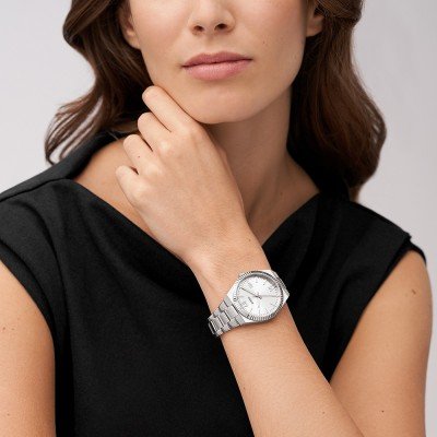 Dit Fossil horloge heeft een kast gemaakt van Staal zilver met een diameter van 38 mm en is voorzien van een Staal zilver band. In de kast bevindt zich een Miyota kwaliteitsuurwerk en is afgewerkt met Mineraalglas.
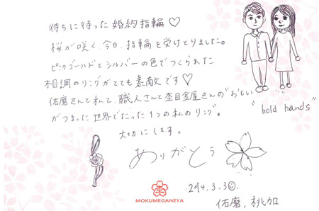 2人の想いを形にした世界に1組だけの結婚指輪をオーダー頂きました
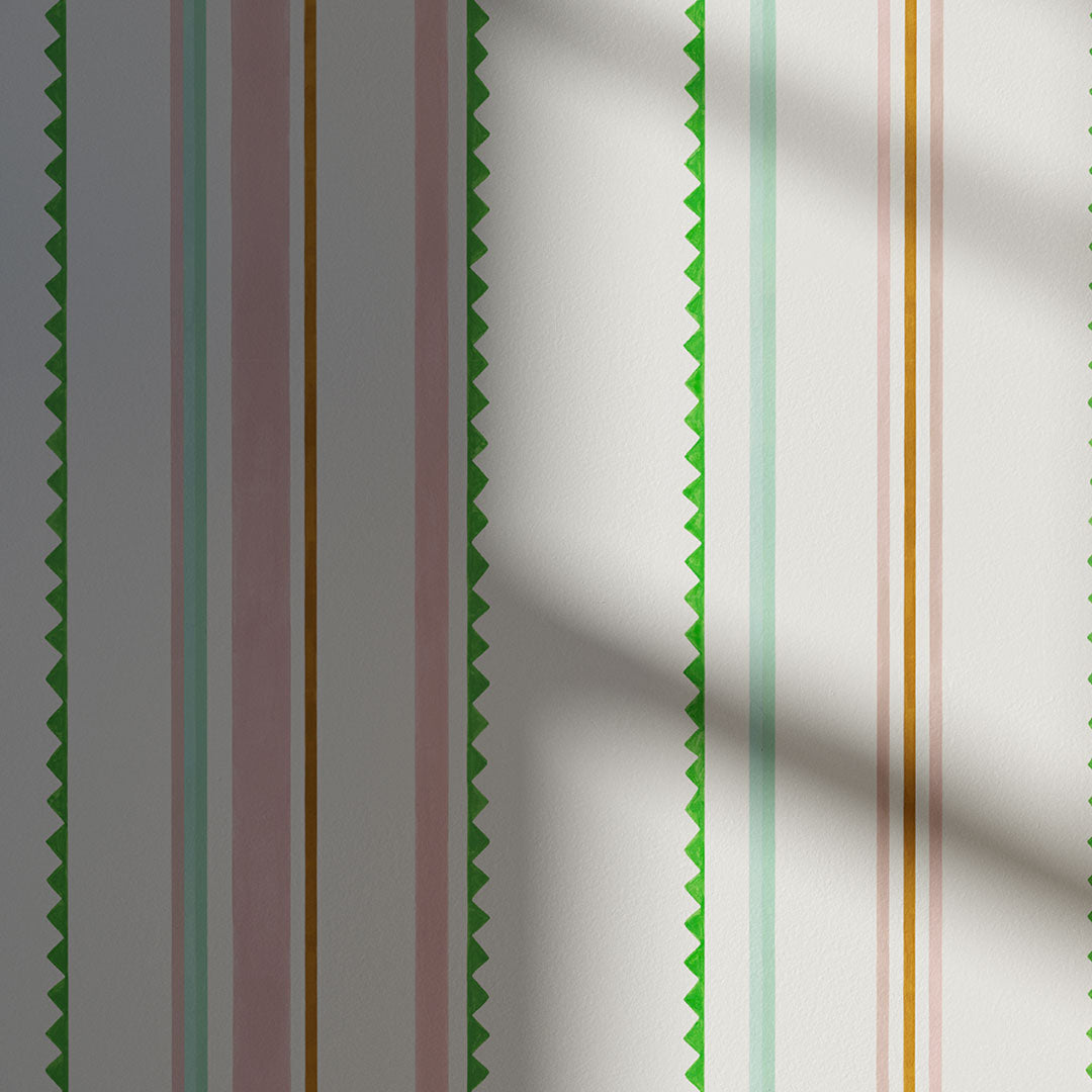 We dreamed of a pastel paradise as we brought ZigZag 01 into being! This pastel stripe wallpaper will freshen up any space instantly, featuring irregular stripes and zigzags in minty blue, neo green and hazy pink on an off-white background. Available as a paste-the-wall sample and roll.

Task description: The material above is to be transcribed exactly, with its images omitted.

Your solution:
 Dit Fossil horloge heeft een kast gemaakt van Staal zilver met een diameter van 38 mm en is voorzien van een Staal zilver band. In de kast bevindt zich een Miyota kwaliteitsuurwerk en is afgewerkt met Mineraalglas.
 2人の想いを形にした世界に1組だけの結婚指輪をオーダー頂きました
 We dreamed of a pastel paradise as we brought ZigZag 01 into being! This pastel stripe wallpaper will freshen up any space instantly, featuring irregular stripes and zigzags in minty blue, neo green and hazy pink on an off-white background. Available as a paste-the-wall sample and roll.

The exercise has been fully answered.